Credit bureaus want to see a wide margin from your balance to your limit. The lower the percentage, the better. And, a great way to do this is to increase your credit limit. Ask your credit card provider to boost your limit. You can also attain another credit card (ones without any annual fees) to double the limit. There’s no need to change your spending habits with this method.

Use Your Credit Lines

You want to get out of debt, but did you know that having debt and not using it is a bad thing.  Why? It helps to create the history of on-time payments. When you have a balance you pay off on a monthly basis, you’re proving to lenders that you can and want to pay your debts back. It’s always a good idea to pay off the credit cards each month to avoid those pesky interest charges that credit card companies impose.

Did you know that the average American has close to $5,000 in credit card debt? This translates to hundreds of dollars a year in interest charges. 

Length of Credit History (15 percent)

There are two parts to the credit history that will affect your credit score: age of the oldest account and the average age of all accounts. Your score is higher when your credit history is older.

Attain Credit Early

A lot of people see credit cards as a bad thing, but this can end up hurting you in the long run. Credit bureaus can take up to seven years before they start the score, so getting credit as early as you can is a necessity. You don’t even have to use the card, but go for ones that offer a low-limit credit card with no fee. The additional years you have on you credit file has the potential to save you thousands of dollars later on when you need a mortgage. If you’re a college student, there are many credit cards that you can use.

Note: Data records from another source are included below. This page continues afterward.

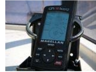
Global Positioning System 全球定位系统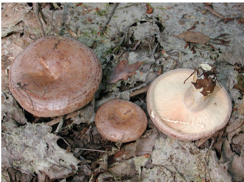
Mike Osty, U.S. Forest Service

Fungal note: The edible L. deliciosus , found in conifer and mixed conifer-hardwood stands, has an orange cap that becomes stained green when bruised and contains a yellow-orange latex.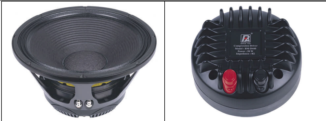
New units from P.Audio System at Musikmesse Frankfurt include the Flagship Series FL-15LF high-output LF driver (left) with wide bandwidth for the bass and lower mid-range sections in two/three-way designs; and the BM-D440 high-output compression driver with 1-inch/50 mm throat exit and CRT technology

Note to magazine editors and writers: High-resolution copies of this image in TIFF/JPEG formats are available upon request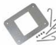
XBA16 Anchorage base with clamps. Pc./Pack 1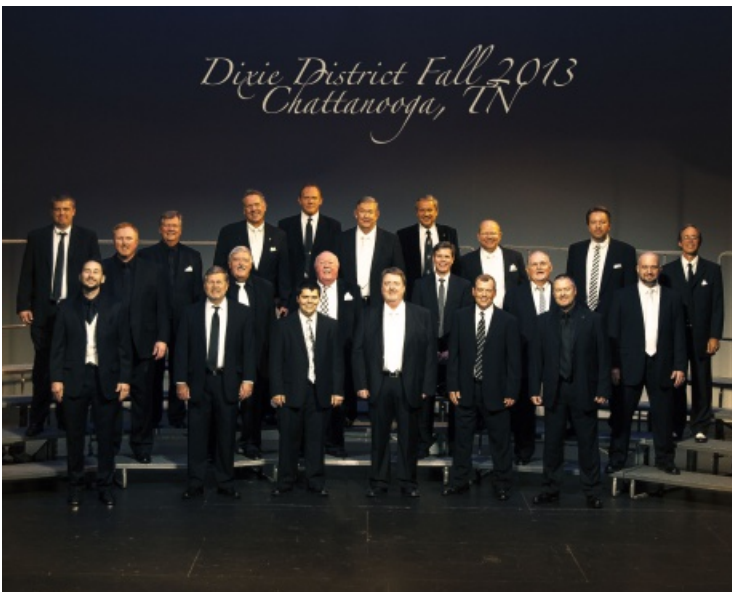
Germantown, TN RSVP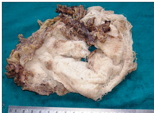
Figure 1: Photograph showing the specimen of gossypiboma - gauze adherent to omentum

A study reported that emergency surgery, unplanned change in the operation, and body mass index were statistically significant risk factors for retained foreign bodies. Surgeons should place radiologically detectable sponges and towels in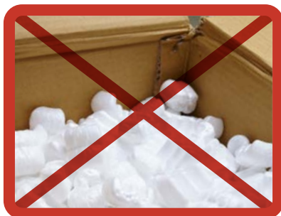
Packaging polystyrene » plastic packages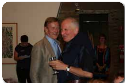
margaret olley addressing a crowd of 1500 at the new gallery opening edmund capon opening salvatore zoffrea’s exhibition edmund capon & salvatore zoffrea sharing a quiet word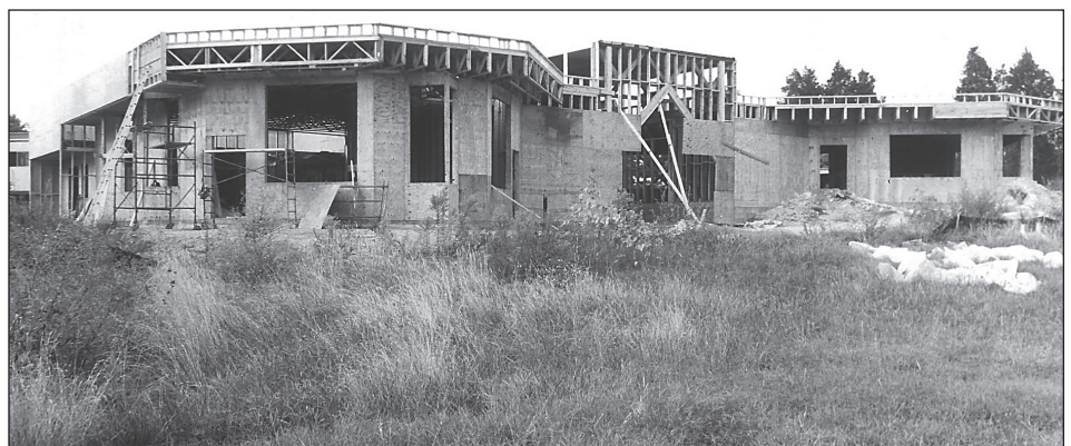
Construction of the new Horticulture Center begins 1994.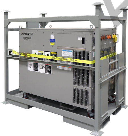
Model 2805 secured in Transport Cage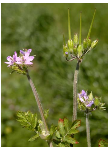
White-stem Filaree Erodium moschatum Introduced Annual Geranium Family

Add Your Name To Another Person’s Credit Card

This option tends to involve a family member, and should be used on a credit card they’ve had for a number of years. It can help in building up your credit age. You don’t even need to use the credit card; just being registered on their account can establish your credit history.

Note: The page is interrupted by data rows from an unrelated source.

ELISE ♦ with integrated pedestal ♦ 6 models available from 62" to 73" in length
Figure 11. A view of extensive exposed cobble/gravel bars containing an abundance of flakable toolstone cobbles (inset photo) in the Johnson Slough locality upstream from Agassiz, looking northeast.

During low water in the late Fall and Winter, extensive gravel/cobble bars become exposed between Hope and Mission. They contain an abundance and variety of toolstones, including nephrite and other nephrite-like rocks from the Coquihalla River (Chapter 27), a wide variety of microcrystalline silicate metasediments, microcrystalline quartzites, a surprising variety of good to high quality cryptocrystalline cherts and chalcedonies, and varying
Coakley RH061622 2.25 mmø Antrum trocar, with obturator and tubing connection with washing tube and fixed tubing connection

Avoiding Closing Old Accounts Out

It’s tempting, once you’ve paid off a credit card debt, to close the account out. Don’t do this! If it’s your oldest credit card account, it could end up having a negative impact on your score. If you want to close newer accounts, go ahead. It’s your older accounts that will make the most impact on your credit score.

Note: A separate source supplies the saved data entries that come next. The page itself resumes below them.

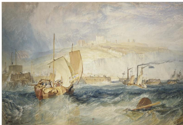
J.M.W. Turner, Dover Castle from the Sea, for Marine Views , 1822, watercolor and gouache on paper, Museum of Fine Arts, Boston; Bequest of David P. Kimball, in memory of his wife, Clara Bertram Kimball, © 2017 Museum of Fine Arts, Boston

The exhibition includes some two dozen watercolors depicting picturesque ports on the British coast and up and down its rivers, as well as images from northern France and the Rhineland, along with a selection of prints. Showcasing the diversity and beauty of the English landscape and seascape, Turner depicted every type of port: naval strongholds, fashionable resorts, industrial harbors, major anchorages in large cities, and remote river landings, some seen from the shore and others looking back from the water. He embellished his images with historical references and allusions to contemporary issues and expressed an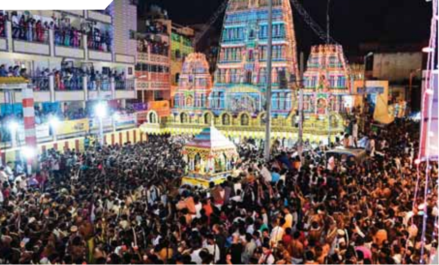
Veerakumars' gather to participate in the the Karaga festival at Sri Dharmarajana Swamy Temple, in Bengaluru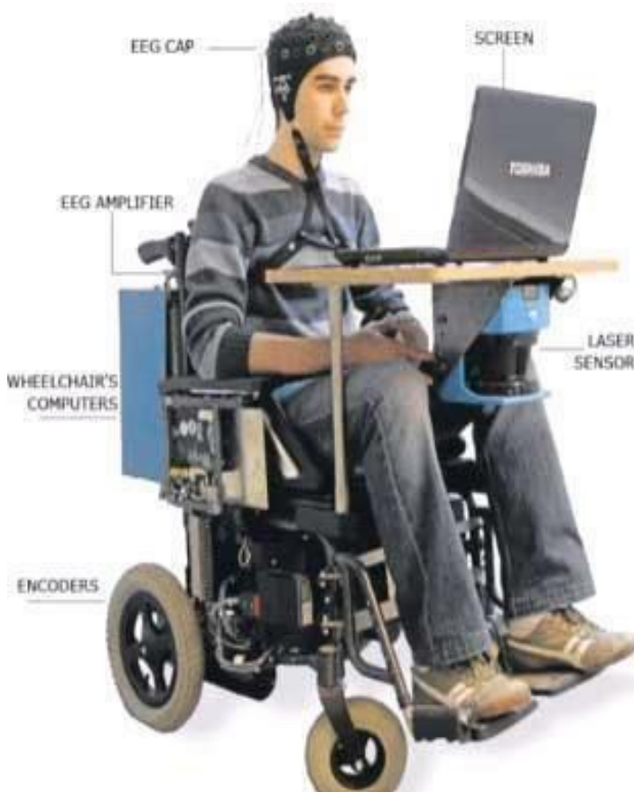
Figure 2.BCI control of wheelchair

Mobile robot technology and its application in various sector is currently an area of high interest. The variety of service robots were designed to operate in populated environments which facilitate safe, reliable and effective operation of mobile robots and execution of assigned task. In order to navigate safely and reliably, mobile robot must be able to create suitable representation of environment. Telepresence could be seen as an extension of the sensorial functions of daily life by means of physical device, embodied in the real environment and placed anywhere in the world could perceive, explore, manipulate, and interact with the remote scenario, and controlled only by brain activity. The important requirement for the telepresence system is to provide the safe interaction of the mobile robot with the remote environment, so the key point from mobile robot is to accurately detect the obstacles and provide the awareness to the user.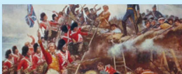
This Day In History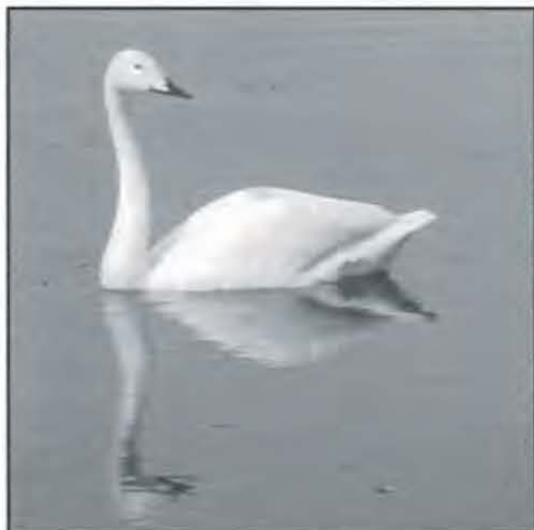
Causing quite a bit of surprise, this whooper swan appeared at the Hebron Fish Hatchery on 16 April 2003.

Credit Inquiries (10 percent)

Although credit inquiries account for 10 percent of your credit score, credit bureaus will look at the information to see how much credit you’ve recently applied for. If you apply for a lot of credit at one time, your credit score is going to drop significantly. There are two forms of credit inquiries: hard and soft. You should really understand the difference between both of them to understand why your credit score is moving the way it is.

Hard Inquiries

Hard inquiries are the result of when a company looks at your credit report when you apply for credit – think credit cards, auto loans, mortgages, etc. The impact from these inquiries is small and roll off within two years. Bureaus tend to view negatively at reports that have multiple inquiries at one time. To them, you may have problems getting cash. An inquiry now and then isn’t a bad thing.

Soft Inquiries

This kind of inquiry is passive and tends to happen when you don’t know it. For instance, looking for your credit score online or a job doing a background check, etc. Soft inquiries don’t generally, if at all, affect your credit score.

Focus more on limiting the number of hard inquiries you have.

Different Forms of Credit (10 percent)

Just 10 percent of your credit score is linked to the various types of credit you have. Credit bureaus look at the kinds of credit you have in your portfolio along with the number of accounts you’ve got.

Spread Your Credit Portfolio Out

Most people have a credit card and maybe an auto or student loan. You can also get a mortgage loan, which is issued when you purchase a house, or you can get a personal loan.  It seems counterintuitive to have the various forms of credit out there. But, you gain points when you have a well-rounded debt portfolio, as it shows that you can pay them back.

There’s no heavy influence on your credit score from having different types of credit. You also don’t want to take advantage of the system by forcing the different types.